Problem to solve -> Go through the listing below and repeat it exactly, dropping the pictures.

Given data ->
━━━━━━━━━━
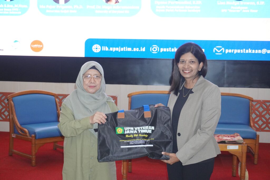 Sesi diskusi berlangsung dinamis dengan menghadirkan perspektif lintas negara. Nama-nama besar seperti Ida Fajar Priyanto, Ph.D (UGM) dan Prof. Dr. Mega Subramaniam (University of Maryland, USA) berbagi pandangan mengenai masa depan literasi yang dibarengi dengan adanya AI. Sesi tersebut dipandu secara langsung oleh Kepala UPA Perpustakaan UPN “Veteran” Jawa Timur saat ini yakni Dr. Dewi Khrisna Sawitri, S.S., S.Psi., M.Si., CHRM
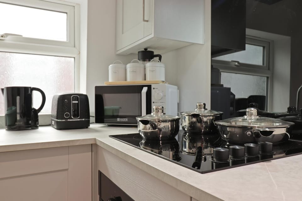 What amenities are available at 2 Bed Apartment in Chesterfield with FREE parking - Sleeps upto 5 - PERFECT for Workers & Professionals - Hosted by StayHostSave?
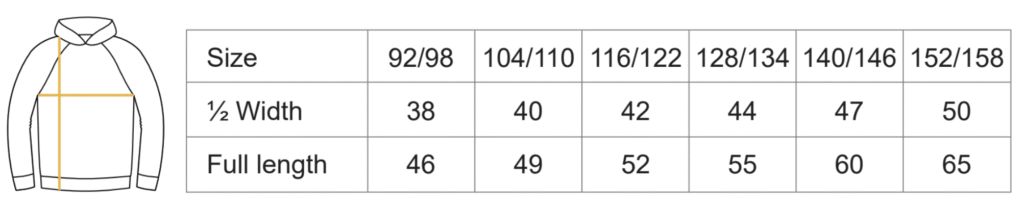 | Kindergrößen | 104 / 110, 116 / 122, 128 / 134, 140 / 146, 152 / 158, 92 / 98 |
━━━━━━━━━━
Solution ->
 Sesi diskusi berlangsung dinamis dengan menghadirkan perspektif lintas negara. Nama-nama besar seperti Ida Fajar Priyanto, Ph.D (UGM) dan Prof. Dr. Mega Subramaniam (University of Maryland, USA) berbagi pandangan mengenai masa depan literasi yang dibarengi dengan adanya AI. Sesi tersebut dipandu secara langsung oleh Kepala UPA Perpustakaan UPN “Veteran” Jawa Timur saat ini yakni Dr. Dewi Khrisna Sawitri, S.S., S.Psi., M.Si., CHRM
 What amenities are available at 2 Bed Apartment in Chesterfield with FREE parking - Sleeps upto 5 - PERFECT for Workers & Professionals - Hosted by StayHostSave?
 | Kindergrößen | 104 / 110, 116 / 122, 128 / 134, 140 / 146, 152 / 158, 92 / 98 |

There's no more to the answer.